A train approaching a hill at a speed of 40 km/hr sounds a whistle of frequency 600 Hz when it is at a distance of 1 km from a hill. A wind with a speed of 40 km/hr is blowing in the direction of motion of the train. The distance from the hill at which the echo from the hill is heard by the driver and its frequency (Velocity of sound in air = 1200 km/hr.)

Answer 1

speed of sound in air is c and as the air is also moving the velocity of sound is $c+v_a$ where $v_a$ is the speed of air

The train sounds the whistle when it is at distance x from the hill. Sound moving with velocity v with respect to ground, takes time t to reach the hill

$t=\frac{x}{v}=\frac{x}{c+v_a}$

after the reflection from the sound waves travels towards the train hence now the velocity of sound is $c-v_a$

let the distance travel by reflected wave be $x^{{}^{\prime }}$ therefore time taken by it $t^{{}^{\prime }}=\frac{x^{{}^{\prime }}}{c-v_a}$

the total time between echoing the whistle and its reflection $t+t^{{}^{\prime }}$ meanwhile the train travels the distance $x-x^{{}^{\prime }}$ with constant speed $v_s$

$x-x^{{}^{\prime }}=(t+t^{{}^{\prime }})v_s$

$x-x^{{}^{\prime }}=\frac{v_s}{c+v_a}x+\frac{v_s}{c-v_a}{x}^{{}^{\prime }}$

$x\frac{c+v_a-v_s}{c+v_A}=x^{{}^{\prime }}\frac{c-v_a+v_s}{c-v_a}$

$x^{{}^{\prime }}=x\frac{(c-v_a)\times (c+v_a-v_s)}{(c+v_a)\times (c-v_a+v_s)}$

$x^{{}^{\prime }}=\frac{(1200-40)\times (1200+40-40)}{(1200+40)\times (1200+40-40)}=.935Km$

Thus, the. echo is heard when train is 935 m from the hill.
Now, for the observer moving along with train,echo is a sound produced by a stationary source, i.e.,the hill. Hence as observed from ground, source is stationary and observer is moving towards source with speed 40 km/hr.

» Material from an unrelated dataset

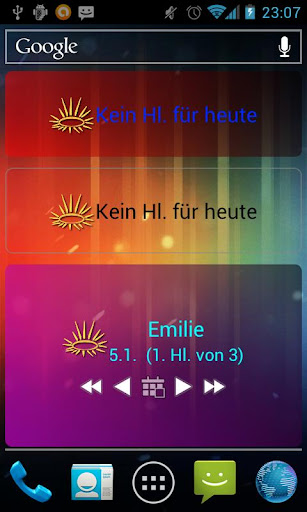 Das kleinere Widget zeigt Dir den Heiligen des Tages, falls am aktuellen Datum ein Gedenktag ist.

On the other hand, reflected sound travels opposite to wind velocity. That is, velocity of echo with respect to ground is v. Further, the source (hill) emitting sound of frequency f which is the frequency observed by the hill.

Thus, frequency of echo as heard by observer on train, is given by

$f^{{}^{\prime \prime }}=f^{{}^{\prime }}\frac{v^{{}^{\prime }}+v_o}{v^{{}^{\prime }}}=\frac{1160-(-40)}{1160}\times 620=641Hz$